Although the PSR requires the consumer to pay attention to these PSP warnings, the PSR creates a new exception by saying that “a consumer proceeding with a transaction despite these warnings should not automatically be deemed to be grossly negligent.” The degree of negligence should also consider these factors:
- The nature of the warnings provided by the PSP
- The complexity of the scam. This can be difficult to assess, in effect scoring each scam for complexity.
- Claims history from the consumer showing a ‘propensity to fall for similar types of scams’
- Whether the PSP had a chance to slow down/stop the transaction
These four items can generate a range of responses which then have to be considered in determining if gross negligence has occurred. And the complexity of the scam and the individual consumer claim history can really complicate this determination. Analysis has shown that once a consumer has fallen for one scam, they are more likely to fall for additional scams. The average victim will be scammed more than four times. Thus, claim history will become a common issue in assessing gross negligence. At some point, if the consumer has been scammed multiple times, will that alone be deemed gross negligence or not?

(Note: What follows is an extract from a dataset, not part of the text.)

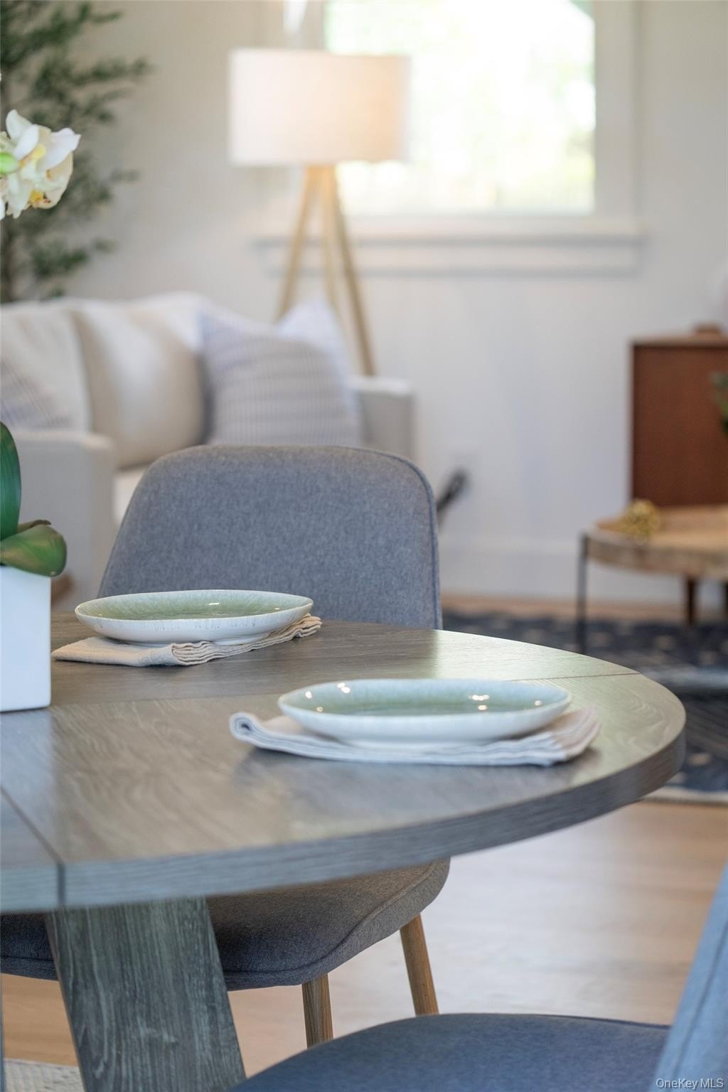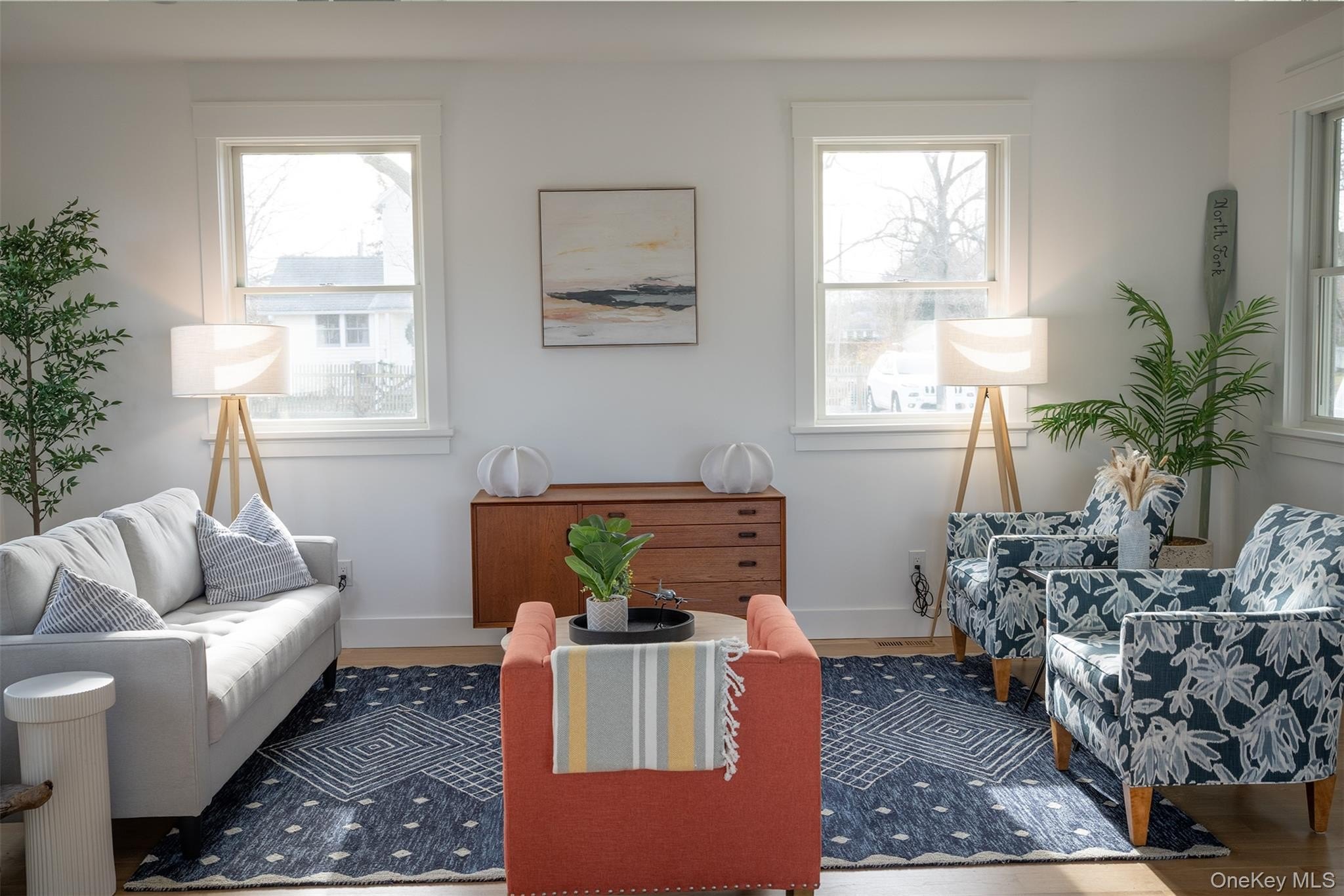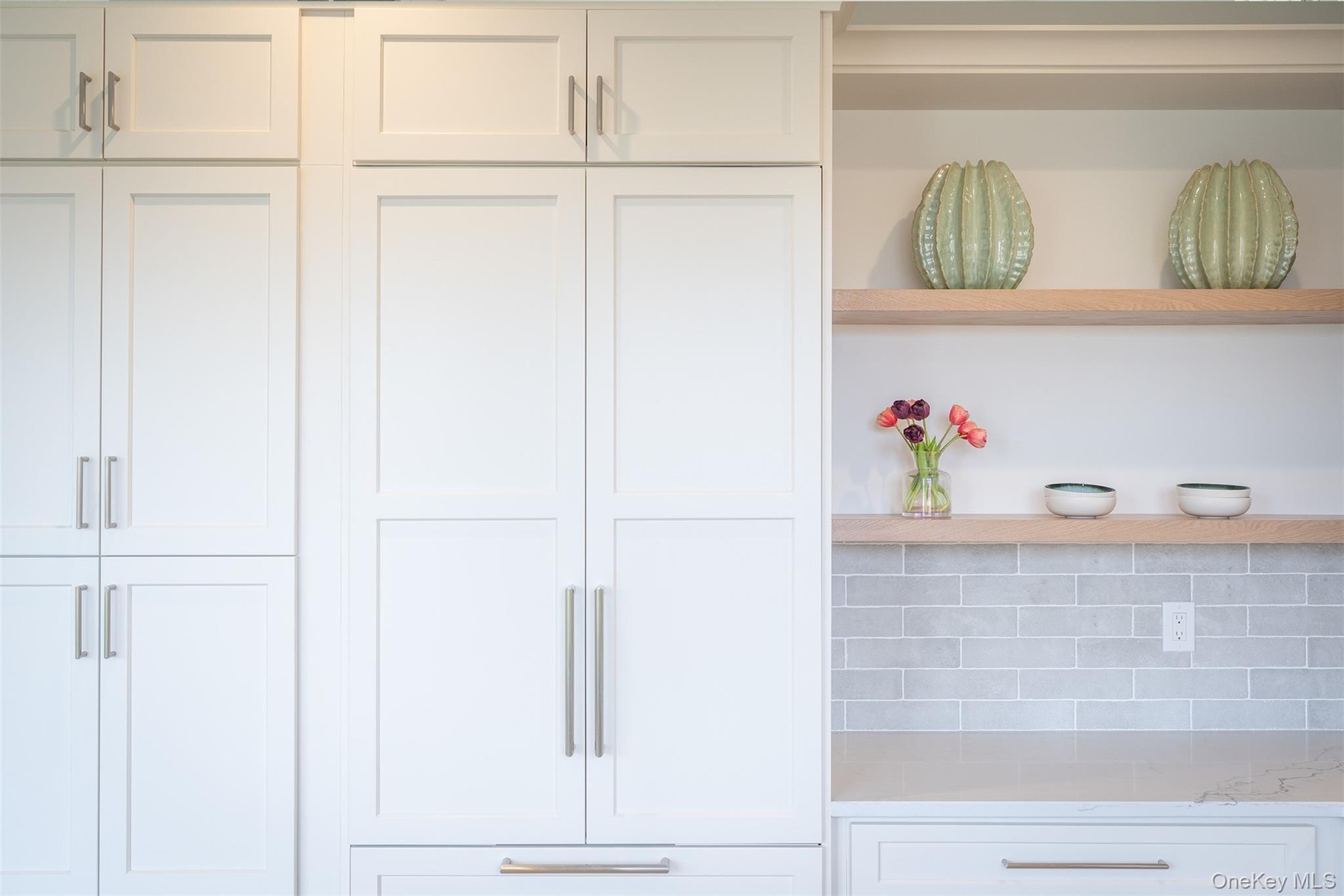 Okay, so the first thing, you get out of the car and this farmhouse style has the front porch that actually has room for a side table and chair to have my morning coffee in peace that I have wanted so badly. Then inside, the half bath is right next to the front door, but it's tucked far enough away from the open living room and kitchen that it doesn't feel awkward when all of us are hanging out. The kitchen has the paneled fridge, a real panty closet and open shelves that I have always liked. The kitchen sink is setup where I am staring out to the backyard when I am stuck doing dishes, so good. They even say there is room for a pool. Then the dining room has this full glass slider to the yard, so the whole back of the house is just filled with light, you can even see the view of the yard from the living room. Upstairs, the ensuite bathroom is honestly my favorite surprise, the floor is so interesting, and the whole space feels calm with the finishes they picked. Even the downstairs bathroom has this beautiful wallpaper that makes this new construction feel intentional, not an afterthought. What I love is this location makes you feel like you found a secret corner of Greenport. You're literally tucked up against the maple tree forest, so it's quiet and green in the best way. The backyard is fully fenced so if the decision is for the pool, it doesn't feel tight. And because this one is New Construction, everything just feels solid and reliable. Best part, the house is also a half mile away from the LIRR train station and Hampton Jitney stop to get to NYC. I think this might be the one, you have to come see it.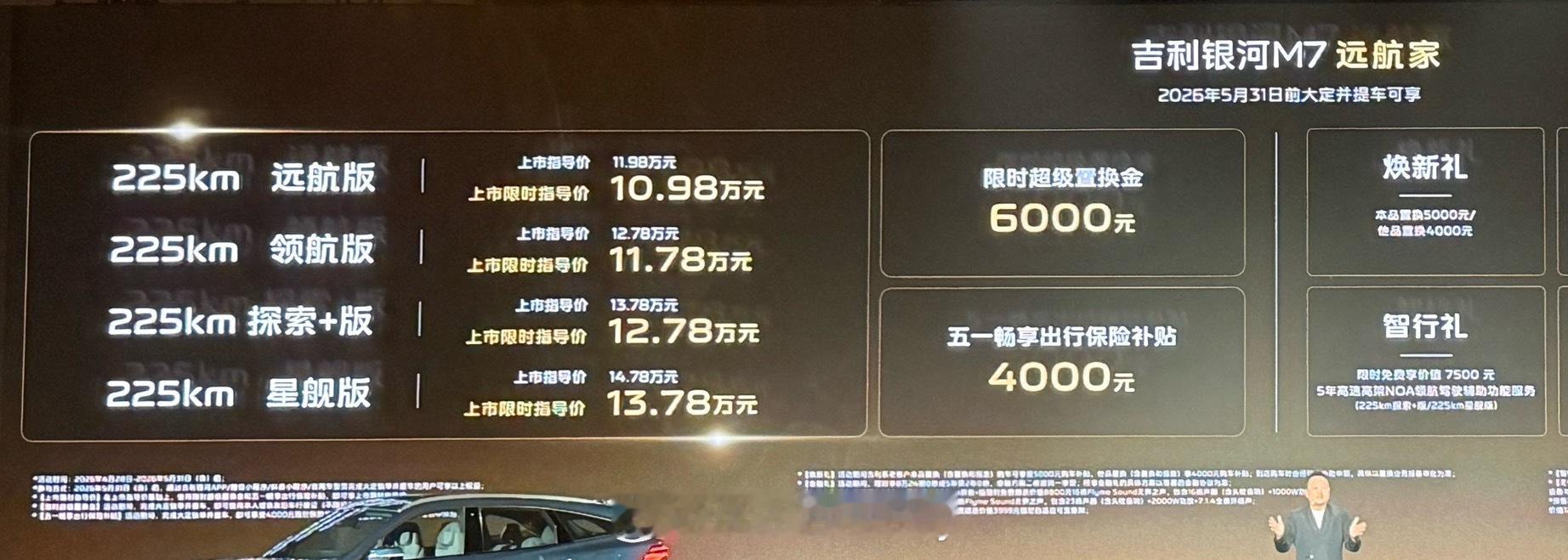 吉利银河M7上市价格区间这个价位给到了主流电混SUV相当高的配置

One thing the PSR has so far failed to address is what happens when the PSP invokes the Banking Protocol and brings a police officer to the branch to explain to the consumer the transaction is a possible fraud, and the consumer goes ahead with the transaction anyway. There have been nearly 50,000 Banking Protocol events since 2017. Not every one of these events was actual fraud. If it was fraud and the customer ignores the police and the branch staff, should this be gross negligence or not?
The PSR considers that both sending and receiving PSPs and customers have a role to play in managing APP fraud risk. The PSR assumes that PSPs will have strong controls in place to prevent these types of scams. Reimbursement is the incentive for PSPs to provide these controls.
The PSR has really done a good job of documenting the journey to APP scam reimbursement. This final step, on the definitions surrounding the actual reimbursement calculations and what will be excluded from reimbursement, may be the most difficult. There are several key items that can be challenging, including 1) what will be the Excess Amount excluded from the reimbursement amount, 2) how should the PSR treat an unsuccessful Banking Protocol intervention (gross negligence or not), 3) how is gross negligence really defined, given the various examples above of what constitutes gross negligence, and 4) how do you define a vulnerable consumer, especially taking into account a customer who has fallen for multiple APP scams, how complex was the scam, what is the age of the victim, etc.? These four items will have a significant impact on the actual reimbursement. Plus, any maximum amount chosen will leave a good percentage of high value romance and investment scams uncovered.
But this, and more, is why the PSR has wisely initiated this consultancy to get input from the PSPs, consumers, The Ombudsman Service and consumer advocates (such as Which?). This is a very important step.